API attacks surge due to rise in AI
According to a recent report by Kong, 25% of respondents have encountered AI-enhanced security threats related to APIs or LLMs, with 75% of respondents expressing serious concern about AI-enhanced attacks in the future. While 85% say they’re confident in their organization’s security capabilities, 55% of respondents cited they’ve experienced an API security incident in the past year, highlighting a notable disconnect.
While 92% of respondents say they are taking measures to counter AI-enhanced attacks and 88% of respondents citing API security as a top priority, it is clear that many organizations lack the comprehensive security measures needed to protect their API infrastructure in the AI era.

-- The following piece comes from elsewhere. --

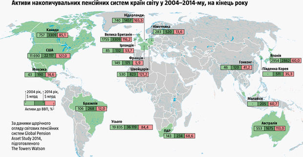 Мировые пенсионные активы накопительных фондов 16 крупнейших рынков мира за последние 10 лет увеличились почти вдвое и на конец 2014-го составили $36,2 трлн. Такая гигантская цифра соответствует 83% совокупного ВВП этих стран. Пальма первенства принадлежит США: на конец 2014 года объем пенсионных активов в Соединенных Штатах составлял $22 трлн. В пятерку лидеров также входят Великобритания ($3,31 трлн), Япония ($2,86 трлн), Австралия ($1,68 трлн), Канада ($1,53 трлн). В пяти странах объемы пенсионных активов превышают валовой внутренний продукт. Так, в Нидерландах соотношение пенсионных активов и ВВП в конце 2014 года оказалось наибольшим и составило 165,5%. В США оно равнялось 127%, в Швейцарии – 121,2%, в Великобритании – 116,2%, в Австралии – 113%.

As might be expected 84% of respondents feel AI and LLMs will make securing APIs more difficult, but surprisingly, the research finds many basic API security tactics being left out of overall strategy.
Thirty-five percent of organizations are adopting zero-trust architecture in order to mitigate API security risks and 3% of respondents cite shadow APIs as a significant security threat to their organization. With the convergence of APIs and AI, it is more important than ever to have a strong API security posture.
The top three measures organizations are taking to secure APIs against AI-enhanced threats include increased monitoring and traffic analysis (66%), educating staff on AI-related threats (60%) and AI-driven threat detection systems (51%).
The top three steps being taken to mitigate API security risks are API monitoring and anomaly detection tools (63%), API gateway solutions (61%), and API encryption and tokenization (58%). Forty-five percent of organizations have dedicated at least 20% of their cybersecurity budgets to API security. According to the report, 41% are unsure or doubtful that their organization’s investment is enough to cover API security risks.